Dr. Shawn Arellano is an Assistant Professor at Western Washington University in the Biology Department and the Marine and Coastal Sciences Program. She has been based out of WWU’s Shannon Point Marine Center (SPMC) since 2012, but she has been working to understand the lives, movements, and behaviors of the larvae of deep-sea animals since graduate school (at OIMB in the lab of co-Chief Scientist Dr. Craig Young!). In her career, Shawn has been on more than 20 research cruises, had 24 dives in 4 different deep-sea submersibles (20 dives in the Johnson Sea-Links I & II, 1 dive in DSV Pisces V, and 3 dives in DSV Alvin), and has been out working with AUV Sentry and ROV Jason 3 times. She says that one of the best parts about working at Western and SPMC has been introducing budding scientists to research, larvae, and the deep-sea. In fact, Shawn has been able to bring 7 undergraduates and 4 graduate students from WWU on her deep-sea research cruises with her in the past two years.

 

Fun fact—Shawn has been working with both Dexter Davis (our WWU graduate) and Tessa Beaver (Shawn’s MS student) since just before they started their freshman year in 2017, when they spent two weeks at SPMC for a field course that Shawn taught.

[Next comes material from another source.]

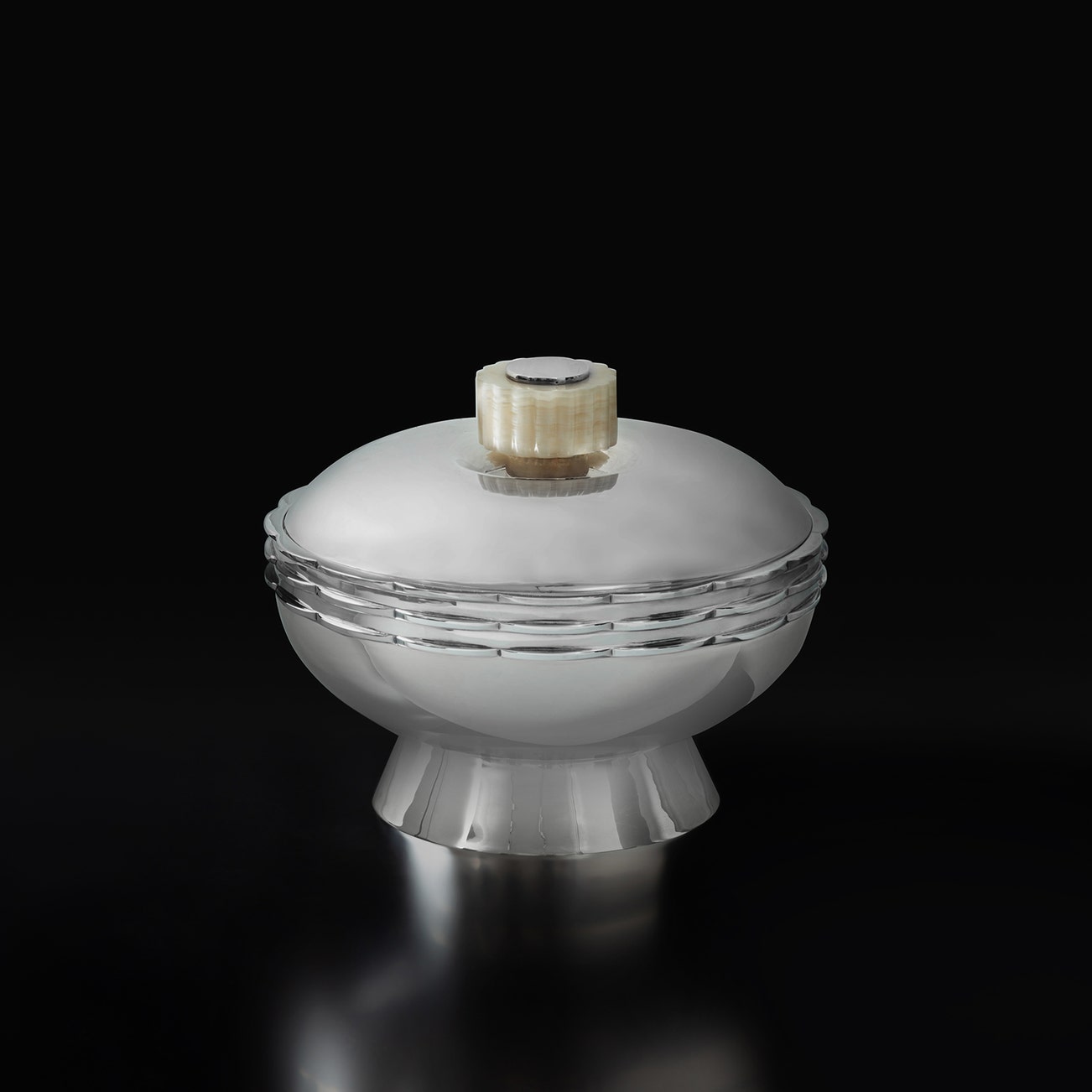 Executed by Jean Puiforcat. Side of base impressed STERLING JEAN PUIFORCAT MADE IN/MEXICO and with silversmith's mark. Side of lid impressed with silversmith's mark.

Fun fact 2—Mitch Hebner (Shawn’s other MS student) was an undergrad in Craig Young’s lab before coming to Shawn’s lab for an MS.

Fun fact 3—Shawn is from Kansas and was introduced to marine science for the first time as a confused 5th-year college student when she decided to give a marine science internship a try. That internship was at the Shannon Point Marine Center. Her mentor during that internship? Dr. Brian Bingham—Craig Young’s first PhD student! You might say there is a bit of larval exchange between SPMC and OIMB!

Amidst the celebration for our scientists, there was still science to be done! In the morning Sentry was launched at 7:30 am and was recovered around 8:00 pm. Following soon after, Jason left to explore the escarpment at 10:45 pm, with an hour and half descending time. We’re hoping for a long dive tomorrow to complete our research tasks but also to explore these unique cold seeps further. Of course, we also made many more cups to go down on this site, as the deepest site will shrink them the most! It’s been a day filled with excitement, with joy in the air.